- PROBLEM TO SOLVE -
Keep the images out while you retype all of the data exactly.

------

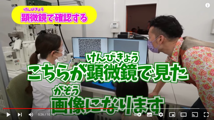 カメラに写っていないところでも、たくさんの人が動いていて、細心の注意を払いながら動画が作られているんだね。これは、撮影前に顕微鏡で見た画像について説明を受けているところ。動画で見せるべきポイントなどを確認しているんだ。
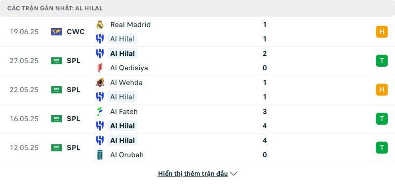 Phong độ của Al-Hilal
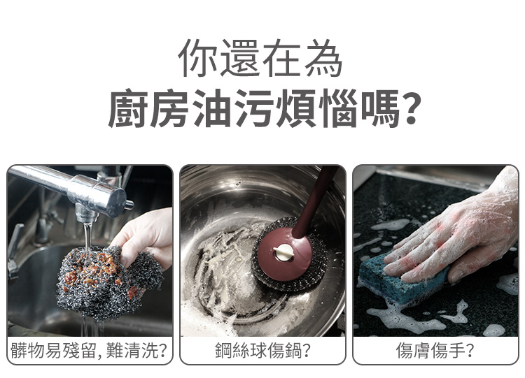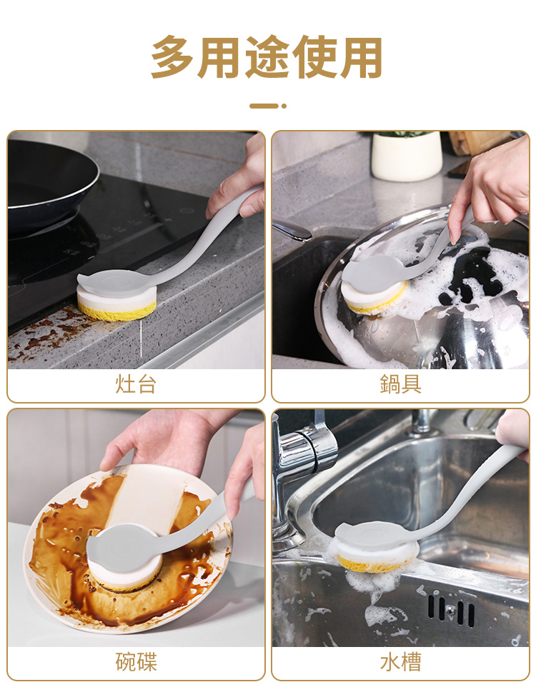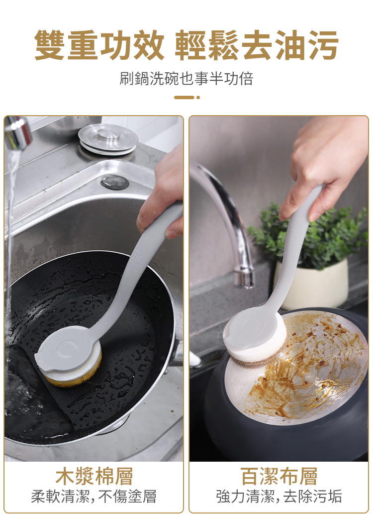 - 魔術棉設計 : 兩款刷頭隨時更換, 雙重功效 輕鬆去油污
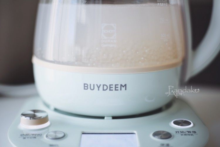 养生壶内加入500ml水(最低水位线),开水果茶功能(默认10分钟),将果皮放进去煮出粉红色。
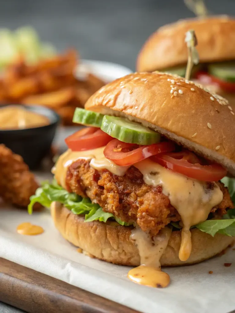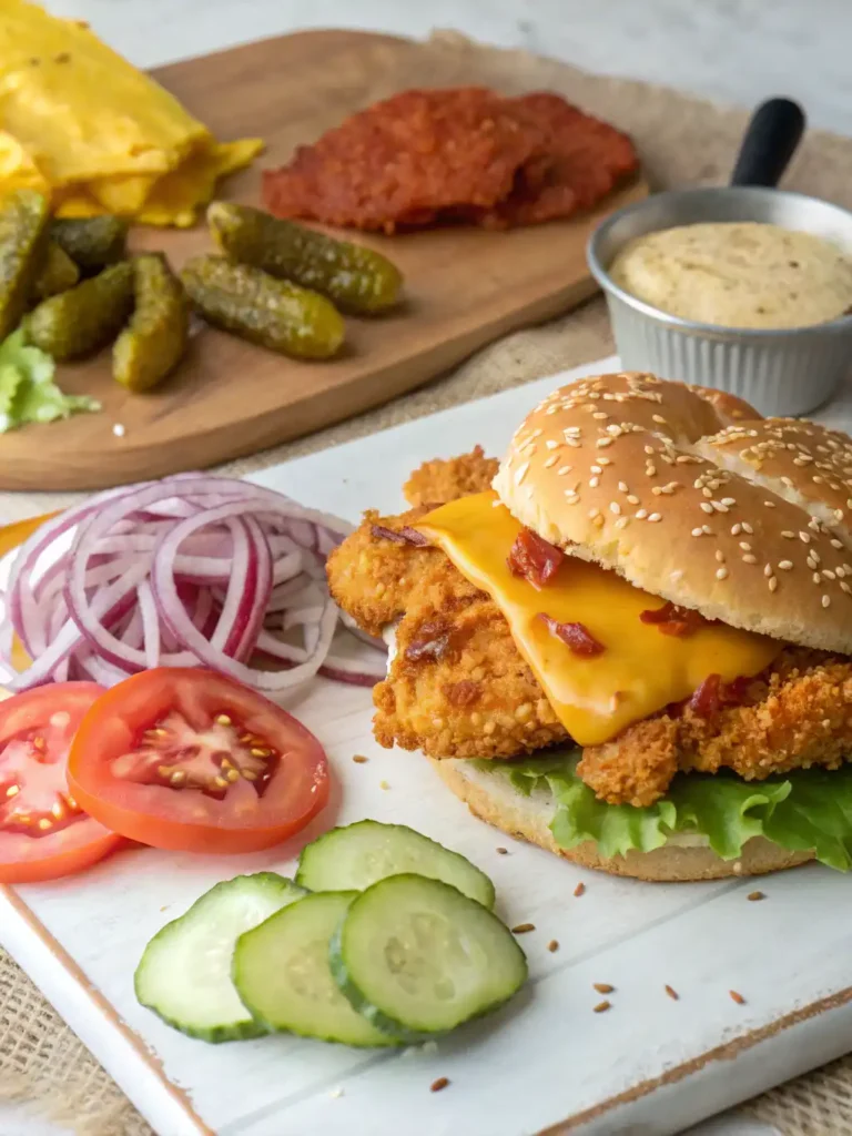 - Assemble the burgers: Spread ranch dressing or BBQ sauce on the bottom bun. Layer with lettuce, tomato, and onion. Place the cheesy chicken patty on top and cover with the top bun.

------

- RESPONSE AREA -
 カメラに写っていないところでも、たくさんの人が動いていて、細心の注意を払いながら動画が作られているんだね。これは、撮影前に顕微鏡で見た画像について説明を受けているところ。動画で見せるべきポイントなどを確認しているんだ。
 Phong độ của Al-Hilal
 - 魔術棉設計 : 兩款刷頭隨時更換, 雙重功效 輕鬆去油污
 养生壶内加入500ml水(最低水位线),开水果茶功能(默认10分钟),将果皮放进去煮出粉红色。
 - Assemble the burgers: Spread ranch dressing or BBQ sauce on the bottom bun. Layer with lettuce, tomato, and onion. Place the cheesy chicken patty on top and cover with the top bun.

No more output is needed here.